With the initial model, we spent a lot of time crafting and honing a set of very complex SQL queries, sometimes having to work around the database’s query planner to get predictable performance. Small changes would then take a very long time to implement and validate – so we set out to change the data model completely.
This is not an easy decision to make – basically throwing away working software that took a lot of effort to get to high quality. We did it anyway. It took weeks, but resulted in a much more coherent system, that is easier to onboard new developers onto, easier to debug issues when they arise and most importantly, a solid base to build features on top of, to extend and to modify.
With the benefit of hindsight, we feel we chose the right approach. We are now able to provide the community with high-quality, stable software, while addressing bugs and releasing new features faster than before.
Building a community
We knew that the real feedback will come from early adopters who currently experience the pain that lakeFS solves for. While we had a group of data professionals that were interested in lakeFS from ideation, we wanted to reach as many potential users as possible and build a community around the project.
The first step was choosing a cute logo. Don’t underestimate the importance of this part.
Next, we made sure our project’s documentation is excellent. As users of open source we know that the first friction you have with adopting open source is the documentation describing it’s value, installation and use. We took the best examples we appreciated and made sure to follow the standard. We are proud of the positive feedback our documentation got, starting at the first release.
In addition we released a weekly blog post. The blog posts that feature quality content, on engineering best practices and our POV on trends within the data ecosystem. The entire team took part in this, contributing from their vast engineering experiance.
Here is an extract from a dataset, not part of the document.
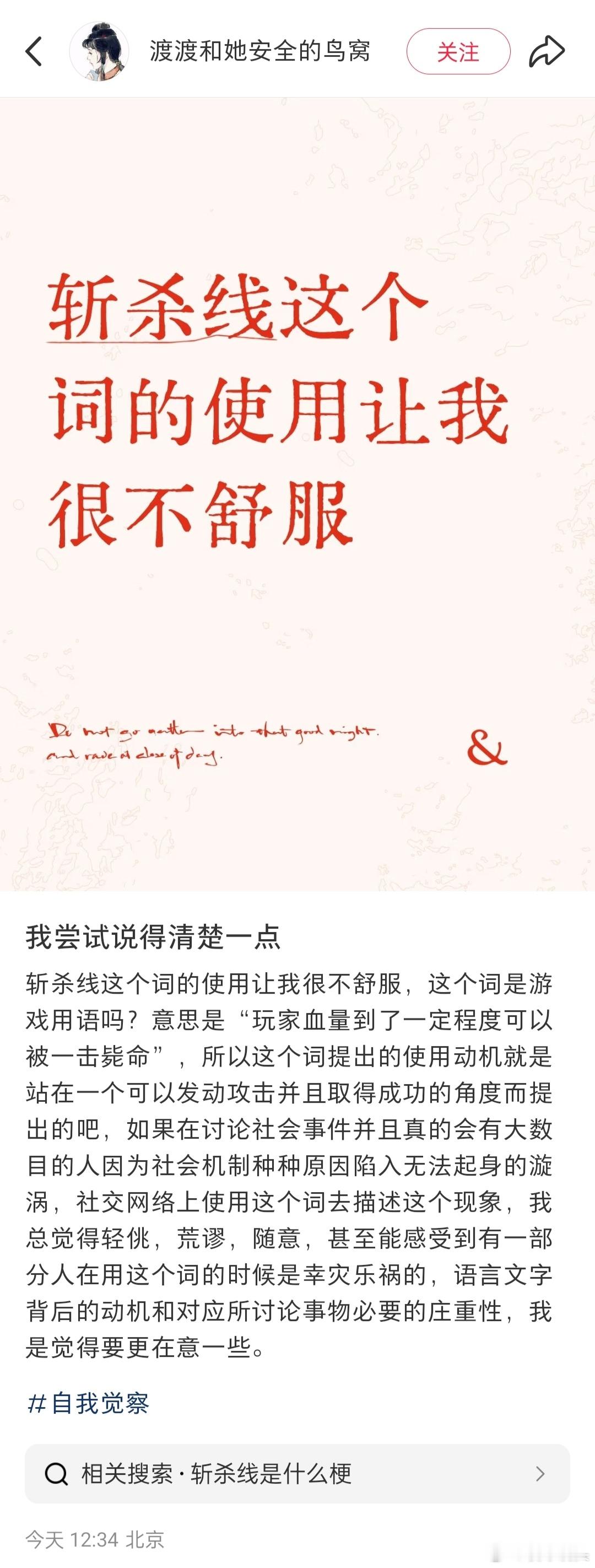 牢A发明斩杀线的真的是一个天才,这个词一针见血地描述了美国的一个荒谬的社会现象。荒谬的不是这个词,而是社会现象。没想到有人会专门发一个帖子,说斩杀线这个词让人不舒服。这难道不是理所当然的吗?斩杀线这个词是能让人舒服的词吗?这本身就是一个彻彻底底的贬义词。提出这个质疑的人该不会认为社会完全光明,世界一片美好吧!让你不舒服就对了,这个世界本来就是美丽又丑陋的。不要在温室里面呆久了,就觉得世界没有风雨。人要对社会有一个最基本的认知,不要自欺欺人。
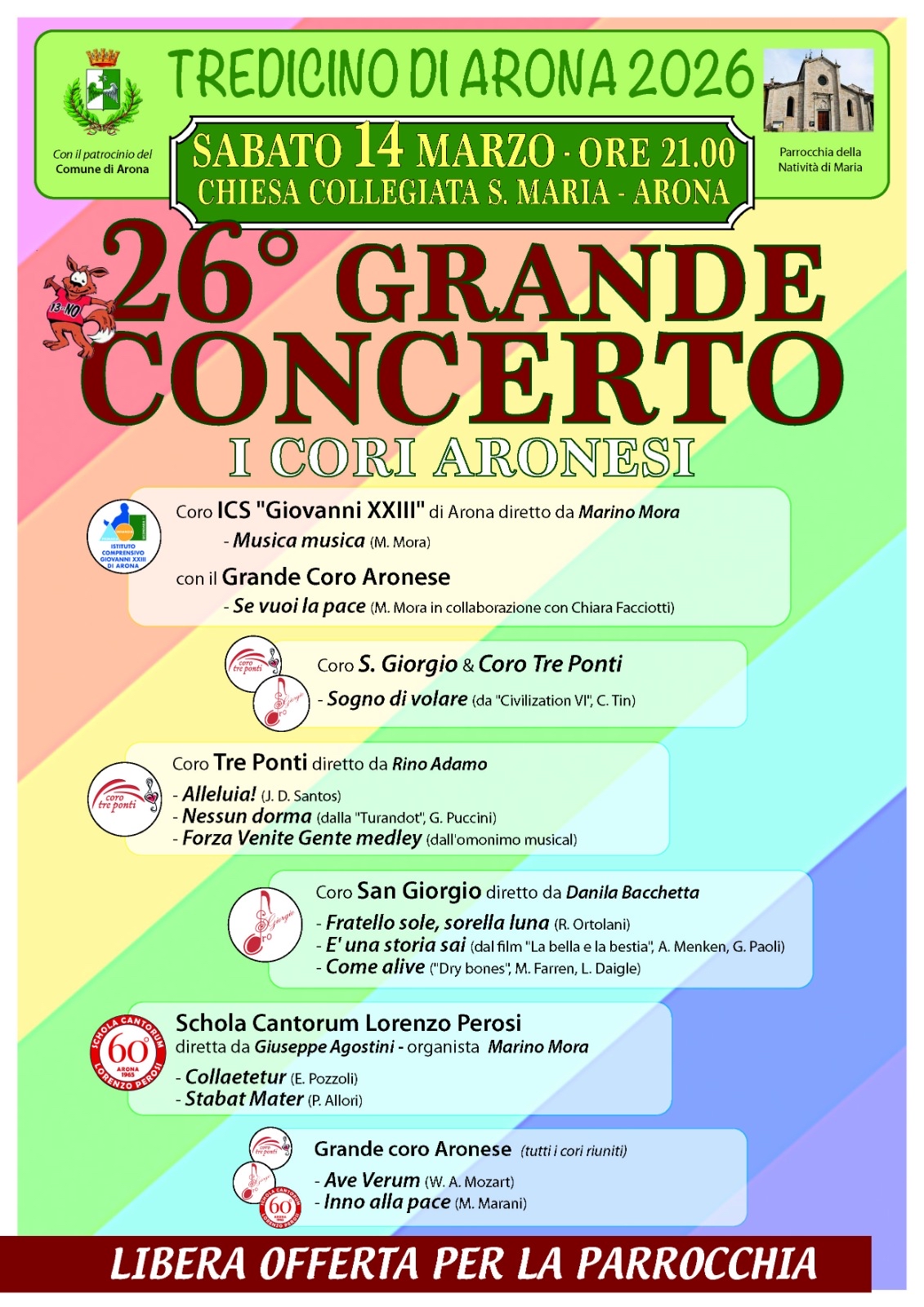 26° Grande Concerto del Tredicino in Collegiata S. Maria con i Cori Aronesi

All steps, together with lakeFS being a great project with real value, allowed us to build the community we now have that keeps on growing with the wider adoption of lakeFS.
What’s ahead for lakeFS
Our vision is to allow git-like operations over data, no matter where it is stored. The data pipeline most organizations manage span over several data stores, including an object storage, an analytics DB and maybe a key value store for OLAP operations. We see lakeFS providing consistency and transactionality by treating data spanning several stores as one synchronized repository that can be branched, committed to, and reverted when needed.
We have our work cut out for us. What you’ll see before lakeFS turns two is…..
A Full Metastore integration to version data and metadata together. Rollback schema changes, look at tables as existed in the past easily, and support user flows that are completely SQL based – Including diffing and merging of open data formats.
lakeFS becomes a first class citizen in the data landscape by deeply integrating into Spark, Trino and other common data analysis and machine learning frameworks. We recently released a first iteration of our Hadoop Filesystem that is supported for Spark users, as well as native integrations into Airflow, and SDKs for Java, Scala and Python. This is just the beginning as we plan on improving them massively, as well as support additional frameworks and tools in the coming months.
Improve the architecture further to make managing lakeFS installations at scale easier.
Eventually, moving towards our vision, we want to support data not only in the lake, but also in the warehouse and even in the DB.
We believe versioning is a core functionality that allows introducing engineering best practices to data, wherever it may be stored.
We would like to take the opportunity to thank our amazing team for this journey together. lakeFS is not only about a great way to collaborate on data, it’s also about a great way to collaborate with people in an amazing culture of teamwork and accountability. The same spirit we feel within our community of users and contributors who continuously assist us in making lakeFS the best way to manage data workflows. Thank you!